Yield Burning

Yield Burning

Welcome to another informative entry in our trading glossary. Today, we will shed light on the term: Yield Burning. As with everything in the field of trading, understanding every term and its implication can pave the way for a successful trading experience.

Examining Yield Burning

Yield Burning refers to an illicit practice in the bond market. But what exactly does it entail? Primarily, it involves financial institutions selling municipal bonds above their fair market value. The higher price reduces the yield on the bonds. Hence, the term "Yield Burning".

Why would the sellers do that, you might ask? This leads us to the core impact of Yield Burning.
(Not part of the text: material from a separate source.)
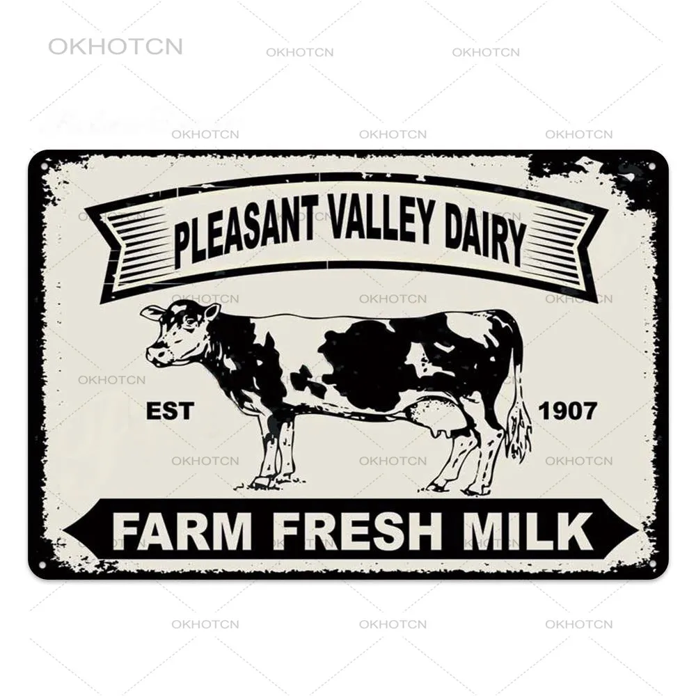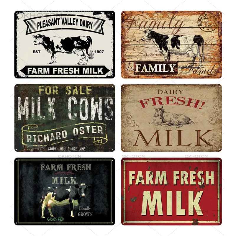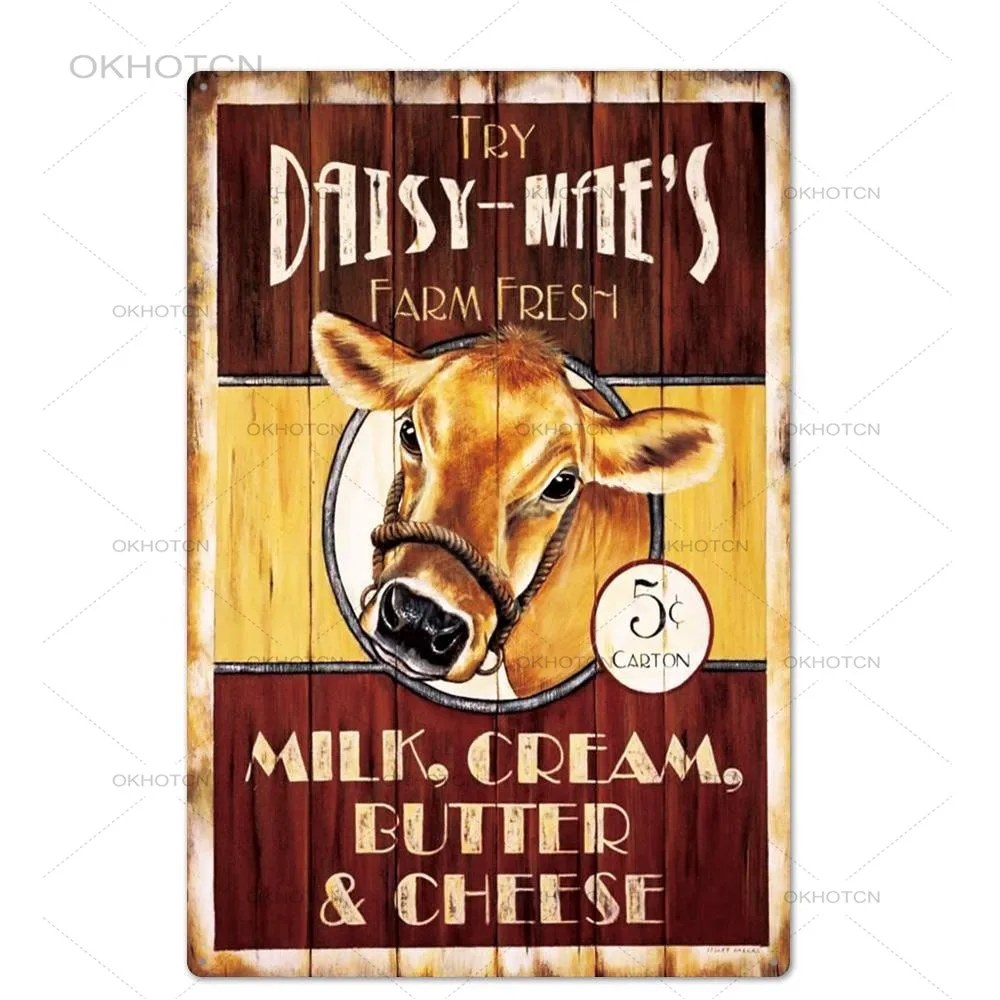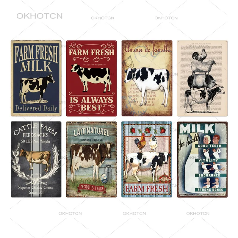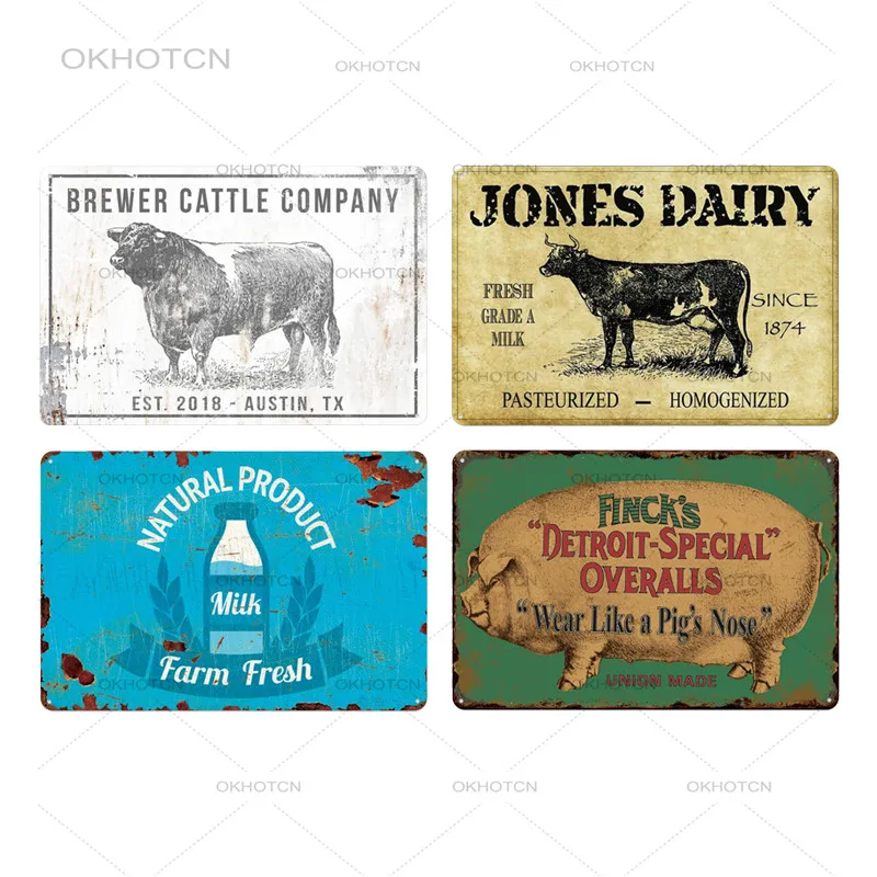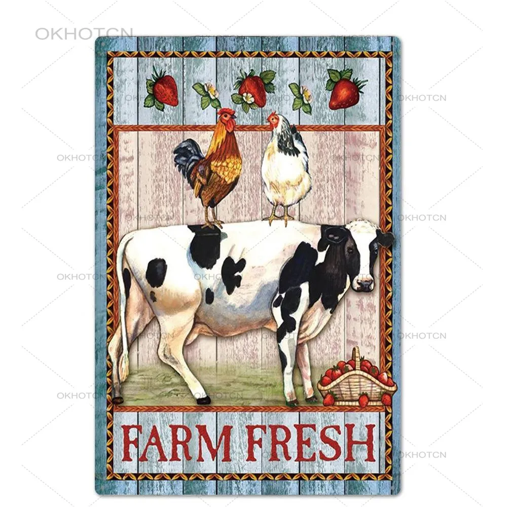 Оловянная вывеска в виде свежего молока на ферме, винтажная металлическая корова, свинья, налет, Декор для дома, украшение на стену, ретро рекламный щит, железные пластины (20x30 см)
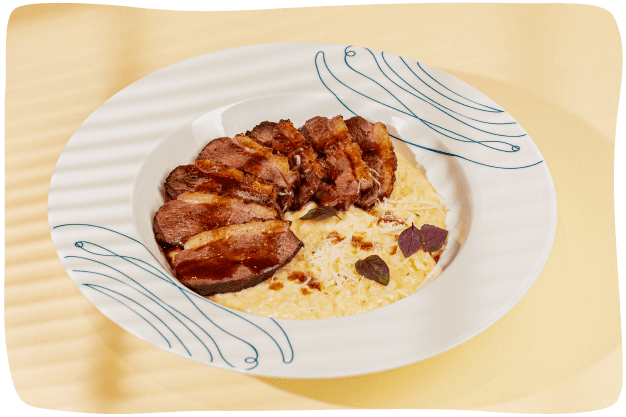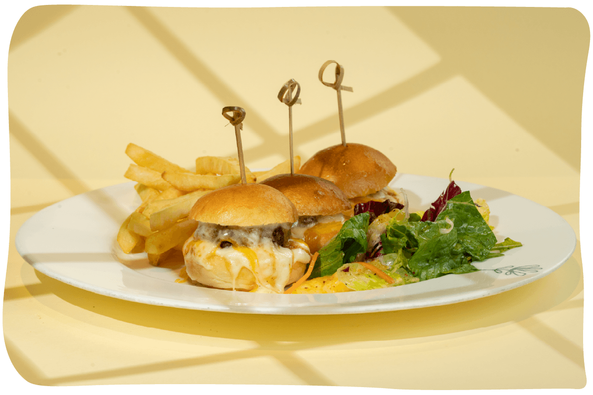 لحم انغوس مفروم مع جبنة الشيدر، صلصة خردل، جبنة الكريمة

The Impact of Yield Burning on Municipal Bonds

Generally, the purpose of Yield Burning is to reduce the amount of tax-free interest that the issuer has to pay to the bondholders. By selling the bonds at inflated prices, the yield (or interest rate) of the bond drops. Therefore, the issuer pays less in interest while boosting their profit margin, hence "burning" the yield.

However, it is essential to note that Yield Burning is not only considered unethical but also illegal. If caught, involved parties can face hefty fines and penalties.

Understanding the Consequences

Being aware of Yield Burning means that you can make better-informed decisions in your trading journey. Even though Yield Burning can temporarily advantage some parties, the overall damage to the financial eco-system and the penalty for the act makes it a high-risk, low reward strategy.

Furthermore, Yield Burning can have negative impacts on the investor. The lower yield means a reduced return on investment. Hence, as an investor, it's crucial to stay informed and wary of such practices.